$$f(x)=\frac{2x+3}{x^2 -4x+5}$$ on $x=2$.
My solution:
$t=x-2 $ => $x=t+2$ , we get: $f(t)=\frac{2t+7}{t^2+1}$ on $t=0$.
then: $(2t+7)\sum_{n=0}^{\infty } {(-t^2)^n} = (2t+7)\sum_{n=0}^{\infty }{(-1)^nt^{2n}}$.
The solution MUST BE of the form: $\sum_{n=0}^{\infty} g(n)(x-2)^{h(n)}$.
Any help on how to continue?
Thanks.
Your approach looks good. In what form do you want/need it?

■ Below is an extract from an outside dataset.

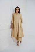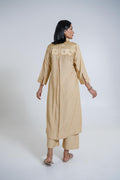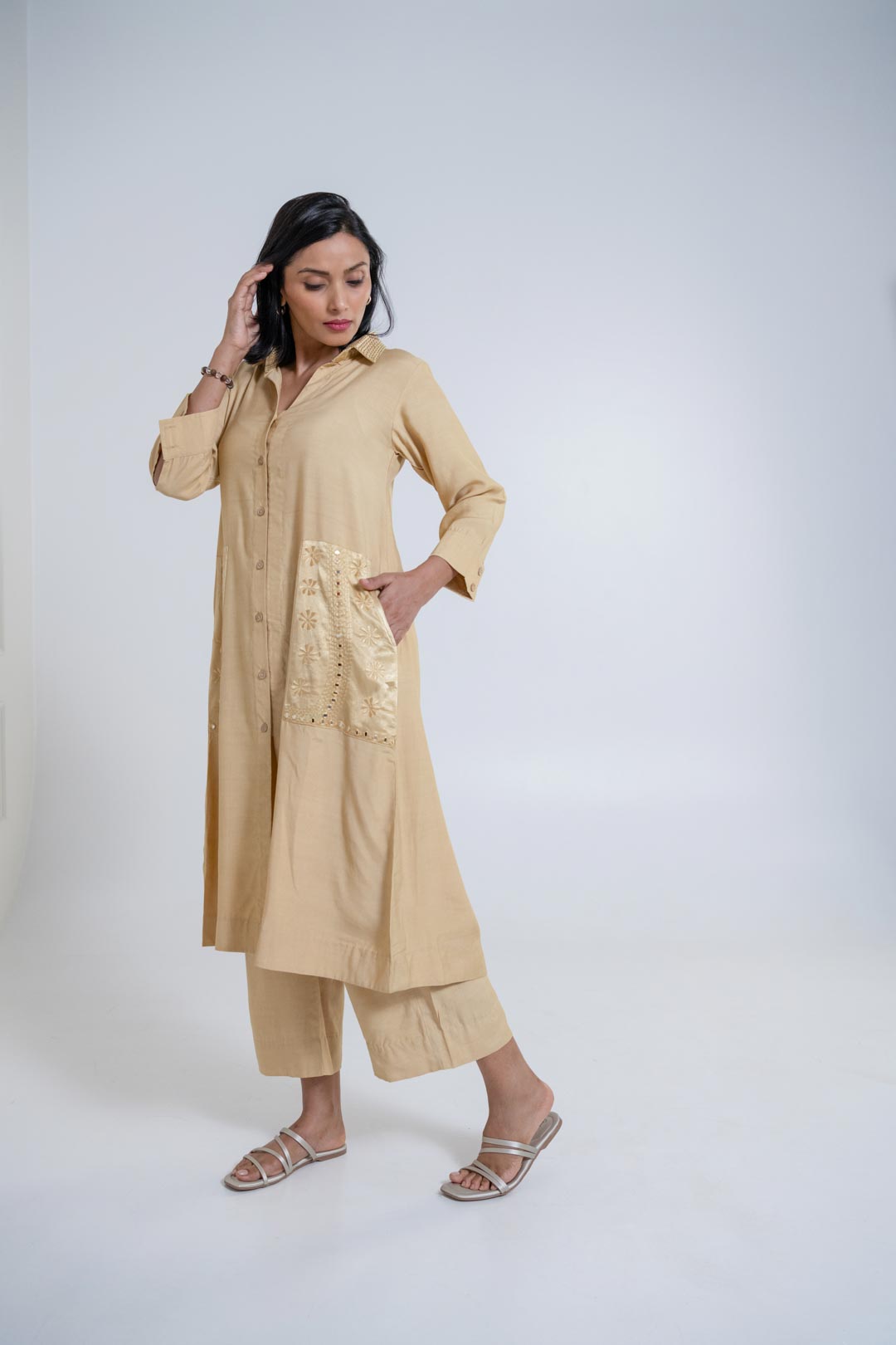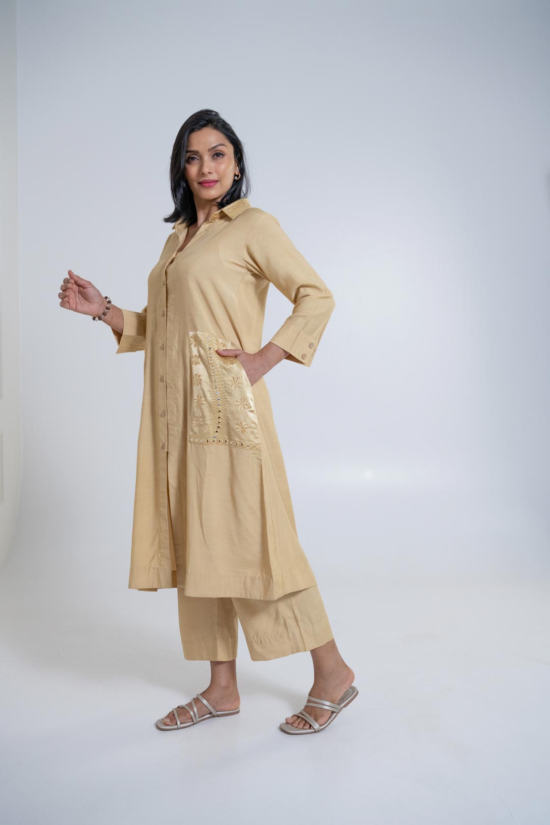 The Sukoon Co-Ord Set, crafted in lightweight muslin, features a button-down kurta with mushroo collar and front patch pockets paired with a matching palazzo.

You could rewrite: $$(2t+7) \sum_{n=0}^{\infty} (-1)^nt^{2n} = \sum_{n=0}^{\infty} (-1)^n(2t+7)t^{2n} = \sum_{n=0}^{\infty} (-1)^n\left( 2t^{2n+1}+7t^{2n} \right)$$ And substitute back to $x$: $$= \sum_{n=0}^{\infty} (-1)^n\left( 2(x-2)^{2n+1}+7(x-2)^{2n} \right)$$
If you really want it in the standard form $$\sum_{n=0}^{\infty} a_n (x-2)^n$$ then you can group the powers of $(x-2)$ but you'll need some adjustments to get the coefficients of the even and odd powers right. The odd powers have coefficient $2$ and $(1-(-1)^n)/2$ is $1$ for $n$ odd and $0$ for $n$ even; so the contribution of the odd terms can be put into the factor: $$\frac{1-(-1)^n}{2}2$$ In a similar way, the contribution of the even terms can be put into the factor: $$\frac{1-(-1)^{n+1}}{2}7$$ That would give the following factor which can be simplified: $$\frac{1-(-1)^n}{2}2+\frac{1-(-1)^{n+1}}{2}7 = \tfrac{1}{2} \left( 9+5 (-1)^n \right) $$ Note however that we still didn't take the factor $(-1)^n$ into account; this now has to alternate every two terms (1, 1, -1, -1, ...). You can do this with sines and cosines or e.g. with a factor: $$(-1)^{\tfrac{1}{4}\left( 2n-1+(-1)^n \right)}$$ to give: $$\sum_{n=0}^{\infty} (-1)^{\tfrac{1}{4}\left( 2n-1+(-1)^n \right)}\tfrac{1}{2} \left( 9+5 (-1)^n \right) (x-2)^n$$